'''
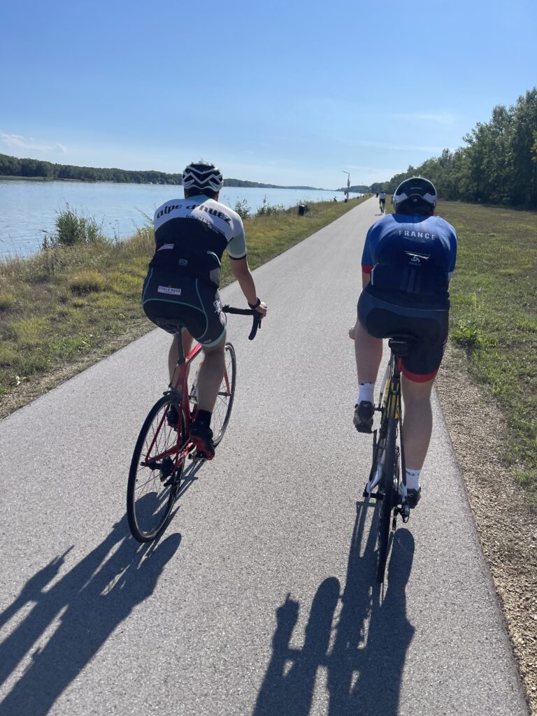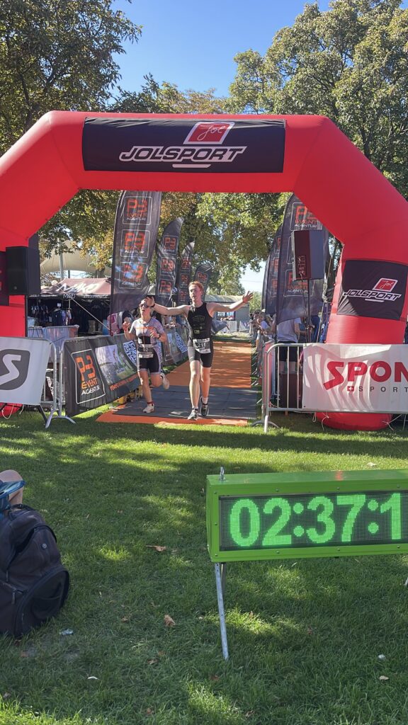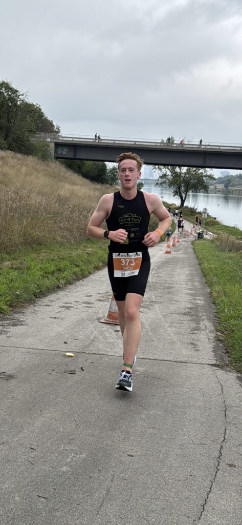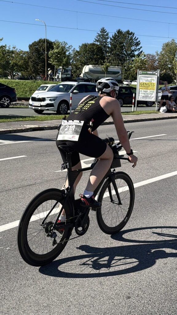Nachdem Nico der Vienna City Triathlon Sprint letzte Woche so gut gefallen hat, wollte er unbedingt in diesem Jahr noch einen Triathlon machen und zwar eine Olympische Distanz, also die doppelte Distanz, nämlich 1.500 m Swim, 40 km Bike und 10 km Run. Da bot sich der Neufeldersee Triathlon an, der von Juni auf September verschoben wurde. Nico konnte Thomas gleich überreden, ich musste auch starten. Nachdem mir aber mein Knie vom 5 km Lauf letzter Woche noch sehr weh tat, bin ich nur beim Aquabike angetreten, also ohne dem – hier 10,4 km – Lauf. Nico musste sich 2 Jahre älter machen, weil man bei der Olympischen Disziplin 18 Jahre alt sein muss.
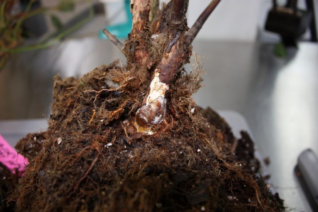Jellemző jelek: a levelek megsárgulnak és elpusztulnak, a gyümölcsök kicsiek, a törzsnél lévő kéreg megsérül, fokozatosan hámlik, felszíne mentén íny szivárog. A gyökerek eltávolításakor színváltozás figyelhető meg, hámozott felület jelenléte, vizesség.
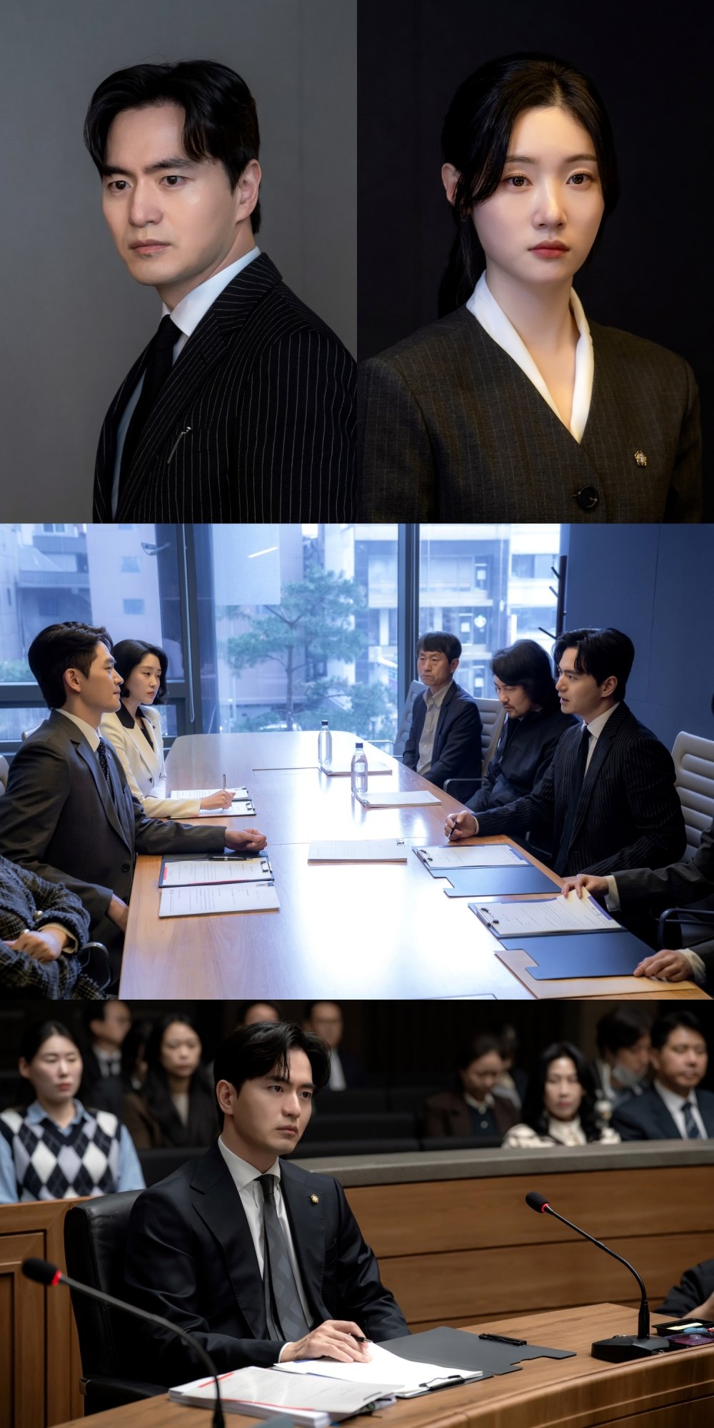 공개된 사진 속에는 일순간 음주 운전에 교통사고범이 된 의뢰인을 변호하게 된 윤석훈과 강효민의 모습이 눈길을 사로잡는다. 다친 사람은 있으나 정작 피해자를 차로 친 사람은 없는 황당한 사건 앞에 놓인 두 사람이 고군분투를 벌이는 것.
'''
**What you should do**
Where the line containing "Jellemző jelek: a" appears in the data above, begin there and output every line through the last, exactly and without pictures.

**Answer to this problem**
Jellemző jelek: a levelek megsárgulnak és elpusztulnak, a gyümölcsök kicsiek, a törzsnél lévő kéreg megsérül, fokozatosan hámlik, felszíne mentén íny szivárog. A gyökerek eltávolításakor színváltozás figyelhető meg, hámozott felület jelenléte, vizesség.
 공개된 사진 속에는 일순간 음주 운전에 교통사고범이 된 의뢰인을 변호하게 된 윤석훈과 강효민의 모습이 눈길을 사로잡는다. 다친 사람은 있으나 정작 피해자를 차로 친 사람은 없는 황당한 사건 앞에 놓인 두 사람이 고군분투를 벌이는 것.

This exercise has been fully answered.